Working data section start

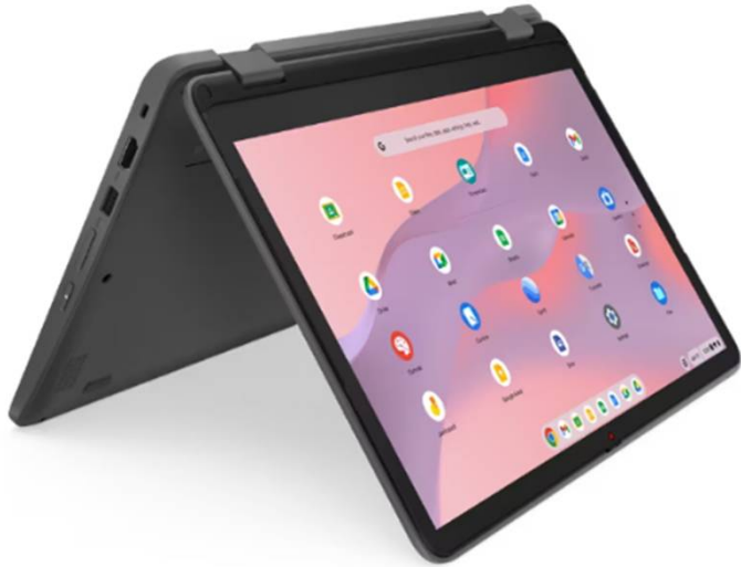
Enhanced Lenovo 500e Gen 4
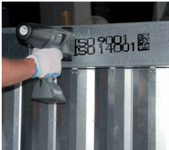
Prints on steel with black universal ink

SCHMIDT introduces the next generation of hand held ink jet printers, the MARK JET 2600 . It provides reimagined features and functionality for even more innovative, portable coding.
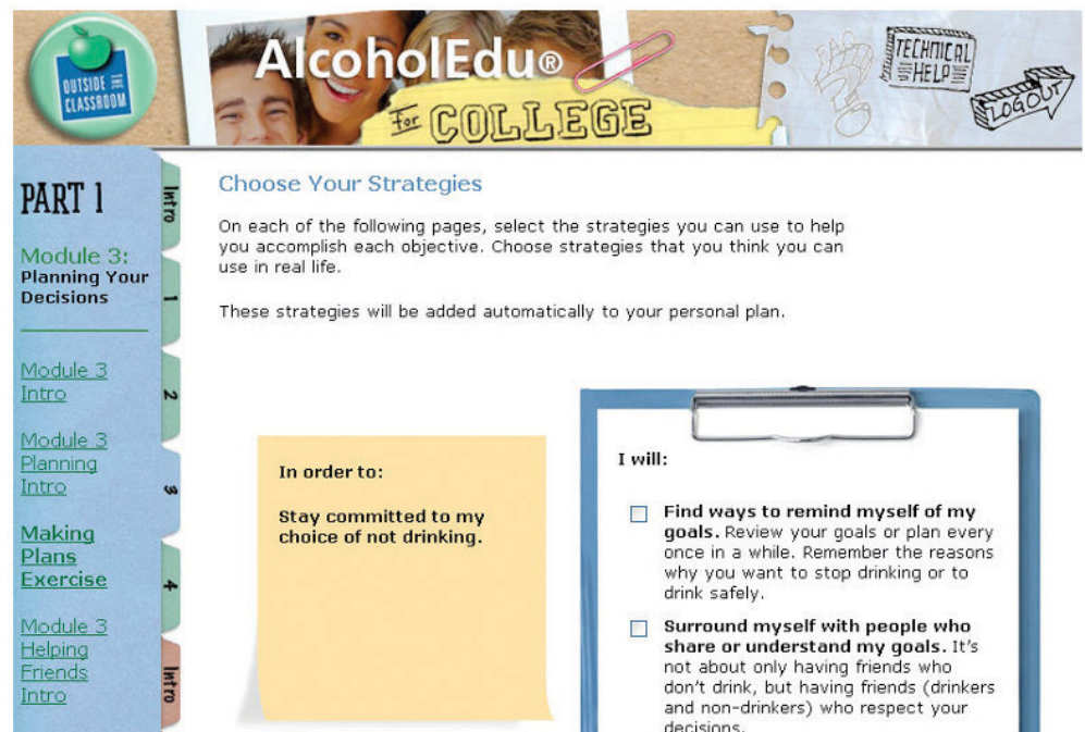
Figure 10.4 The AlcoholEdu Online Alcohol Awareness Program from Outside the Classroom

The goal of these courses is not to preach against drinking. You’ll learn more about the effects of alcohol on the body and mind. You’ll learn about responsible drinking versus high-risk drinking. You’ll think about your own attitudes and learn coping strategies to help prevent or manage a problem. These courses are designed for you—to help you succeed in college and life. They’re worth taking seriously.
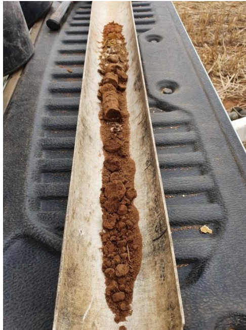
Pictured: Soil cores from near Snowtown (left) and Spalding (right).
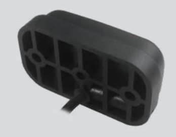
Flat surface mounting grommet supplied as standard with each lamp
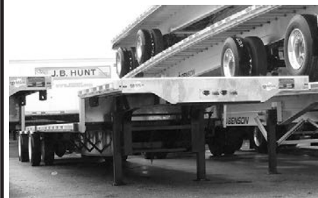
New Transcraft 53' drop deck , Eagle 1, rear slide.
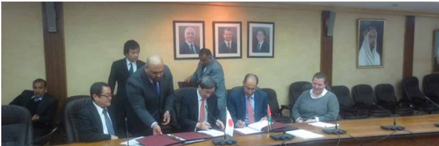
Signing Ceremony of the Grant Agreement and the Exchange of Notes at MOPIC

with the JICA on January 9, 2014 to conduct a comprehensive program to respond to the urgent needs of the sector, the objective of the Program is to assess the effect of the Syrian Refugees on water supply and wastewater services in the host communities.
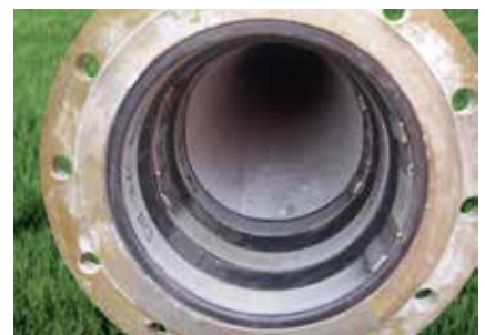
Liner end collar for the connection with the flange mounted before the installation in case of large pipe dimensions
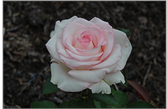
Moonstone Rose flowers

Moonstone Rose is recommended for the following landscape applications;
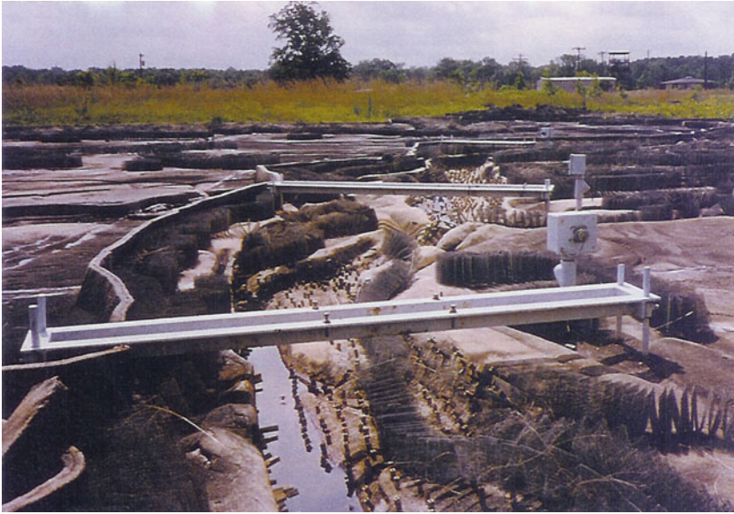
Fig. 1 The Mississippi River Basin Model

to flooding on the lower Mississippi (Robinson 1992). 2 A physical simulation of San Francisco Bay constructed in the 1950s and attempts to simulate the structure of levees and watercourses in New Orleans under the impact of Hurricane Katrina offer further examples of precisely this kind of isomorphism (Huggins and Schultz 1967, 1973, Interagency Performance Evaluation Task Force 2006). [Links to animations and further resources regarding many of the simulations referred to can be found at www.pgrim.org/hsf .]
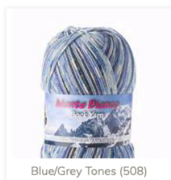
Blue/Grey Tones (508)
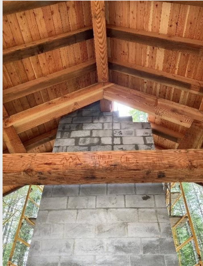
Whitehorse Campground Fireplace Construction
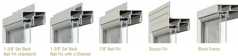
1-3/8" Set Back Nail Fin (standard)

70 Series windows come standard with a 1-3/8" set back nail fin. For ideal installations in a variety of applications, four additional options also are offered.
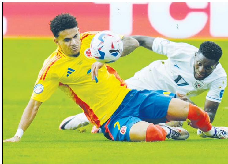
Colombia's Luis Diaz, (left), and Panama's Jose Fajardo fall during a Copa America quarterfinal soccer match in Glendale, Ariz.

"We scored early and that helped us control the game," Rodriguez, who has five assists in this tournament so far, said after the match. "I wanted to have a good Copa America and help the team try to reach the final. Now, we are a step closer to achieve that."
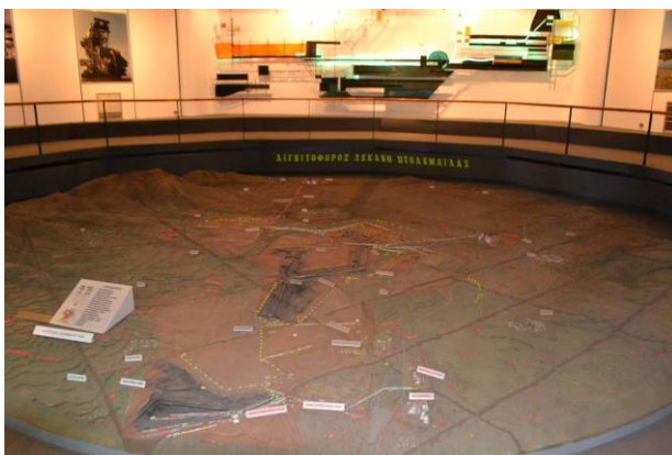
West Macedonia Lignite Center

Furthermore, work is currently being carried out on a control instrument for the coordination of small hydroelectric power plants, the construction of pumped storage power plants and net metering models, and there is also a geothermal PV project for the energy supply of a school. The municipality itself operates three electric cars for its employees and participates in other circular economy projects (SYMBI-INTERREG EUROPE) and energy transformation projects, such as the Stardust network. In this network, seven European municipalities exchange information on digital solutions for sustainable development and sustainable energy supply.

Working data section end

**Exercise details:** Would you please write out the entries in full, exactly as they read, but without pictures?

**Result of the exercise:**
Enhanced Lenovo 500e Gen 4
Prints on steel with black universal ink

SCHMIDT introduces the next generation of hand held ink jet printers, the MARK JET 2600 . It provides reimagined features and functionality for even more innovative, portable coding.
Figure 10.4 The AlcoholEdu Online Alcohol Awareness Program from Outside the Classroom

The goal of these courses is not to preach against drinking. You’ll learn more about the effects of alcohol on the body and mind. You’ll learn about responsible drinking versus high-risk drinking. You’ll think about your own attitudes and learn coping strategies to help prevent or manage a problem. These courses are designed for you—to help you succeed in college and life. They’re worth taking seriously.
Pictured: Soil cores from near Snowtown (left) and Spalding (right).
Flat surface mounting grommet supplied as standard with each lamp
New Transcraft 53' drop deck , Eagle 1, rear slide.
Signing Ceremony of the Grant Agreement and the Exchange of Notes at MOPIC

with the JICA on January 9, 2014 to conduct a comprehensive program to respond to the urgent needs of the sector, the objective of the Program is to assess the effect of the Syrian Refugees on water supply and wastewater services in the host communities.
Liner end collar for the connection with the flange mounted before the installation in case of large pipe dimensions
Moonstone Rose flowers

Moonstone Rose is recommended for the following landscape applications;
Fig. 1 The Mississippi River Basin Model

to flooding on the lower Mississippi (Robinson 1992). 2 A physical simulation of San Francisco Bay constructed in the 1950s and attempts to simulate the structure of levees and watercourses in New Orleans under the impact of Hurricane Katrina offer further examples of precisely this kind of isomorphism (Huggins and Schultz 1967, 1973, Interagency Performance Evaluation Task Force 2006). [Links to animations and further resources regarding many of the simulations referred to can be found at www.pgrim.org/hsf .]
Blue/Grey Tones (508)
Whitehorse Campground Fireplace Construction
1-3/8" Set Back Nail Fin (standard)

70 Series windows come standard with a 1-3/8" set back nail fin. For ideal installations in a variety of applications, four additional options also are offered.
Colombia's Luis Diaz, (left), and Panama's Jose Fajardo fall during a Copa America quarterfinal soccer match in Glendale, Ariz.

"We scored early and that helped us control the game," Rodriguez, who has five assists in this tournament so far, said after the match. "I wanted to have a good Copa America and help the team try to reach the final. Now, we are a step closer to achieve that."
West Macedonia Lignite Center

Furthermore, work is currently being carried out on a control instrument for the coordination of small hydroelectric power plants, the construction of pumped storage power plants and net metering models, and there is also a geothermal PV project for the energy supply of a school. The municipality itself operates three electric cars for its employees and participates in other circular economy projects (SYMBI-INTERREG EUROPE) and energy transformation projects, such as the Stardust network. In this network, seven European municipalities exchange information on digital solutions for sustainable development and sustainable energy supply.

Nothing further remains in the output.